● What to produce
Please return exactly the lines from the beginning of the listing up to and including the line with "Navy French Crepe", with no pictures.

● Dataset content
#####

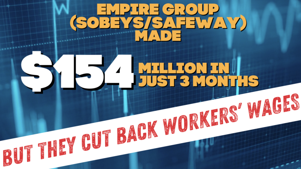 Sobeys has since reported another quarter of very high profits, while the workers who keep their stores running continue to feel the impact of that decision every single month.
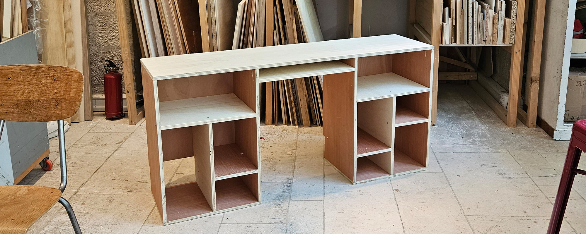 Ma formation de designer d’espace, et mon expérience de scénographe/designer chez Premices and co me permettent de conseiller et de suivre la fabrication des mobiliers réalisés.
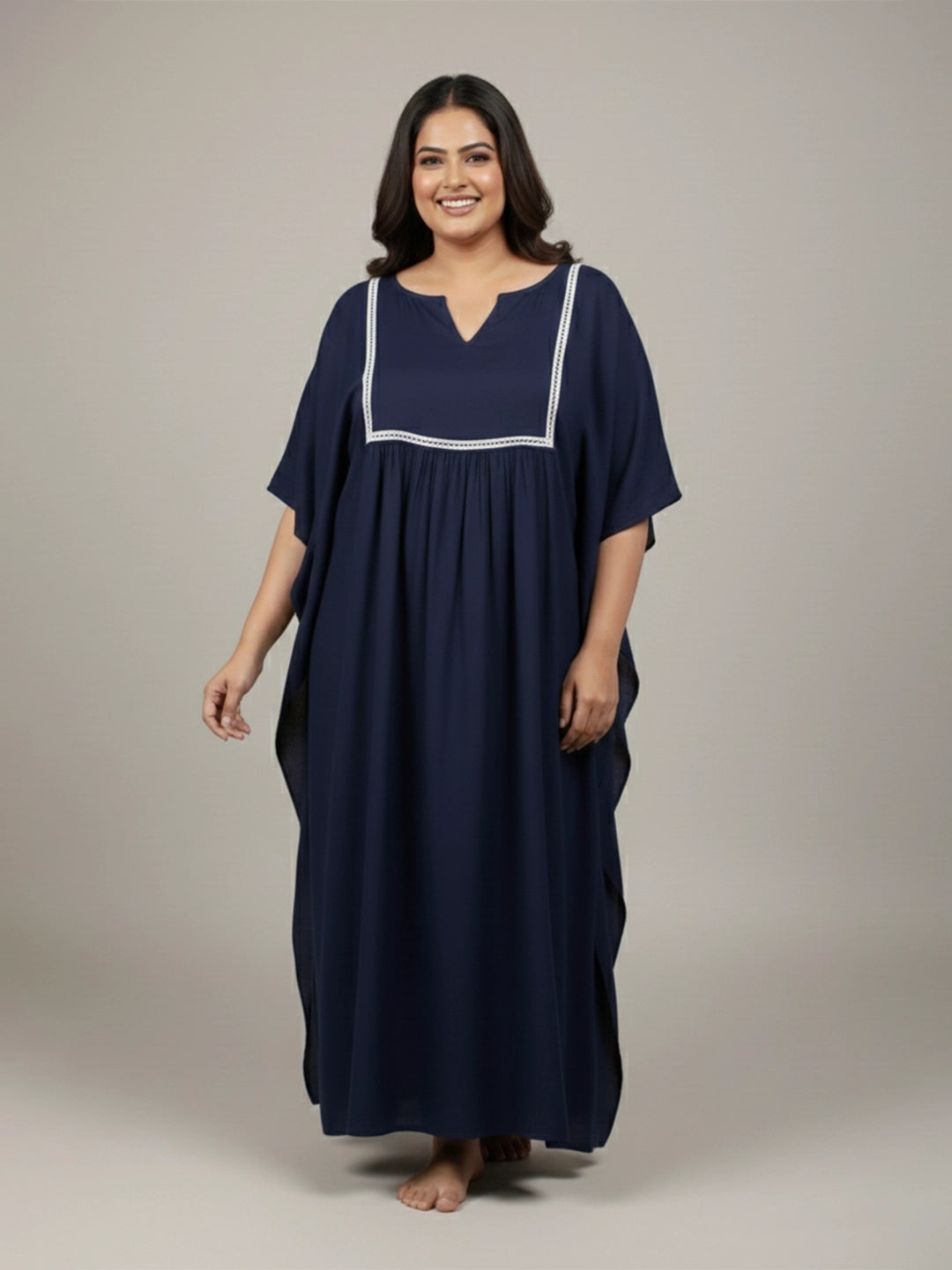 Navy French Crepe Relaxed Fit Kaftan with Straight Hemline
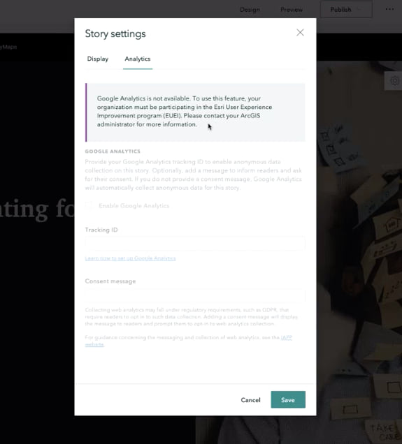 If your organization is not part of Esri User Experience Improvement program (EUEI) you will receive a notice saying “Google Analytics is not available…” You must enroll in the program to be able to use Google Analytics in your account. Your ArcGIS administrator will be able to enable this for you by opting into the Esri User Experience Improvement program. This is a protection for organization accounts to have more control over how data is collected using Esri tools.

#####

● Problem solution
 Sobeys has since reported another quarter of very high profits, while the workers who keep their stores running continue to feel the impact of that decision every single month.
 Ma formation de designer d’espace, et mon expérience de scénographe/designer chez Premices and co me permettent de conseiller et de suivre la fabrication des mobiliers réalisés.
 Navy French Crepe Relaxed Fit Kaftan with Straight Hemline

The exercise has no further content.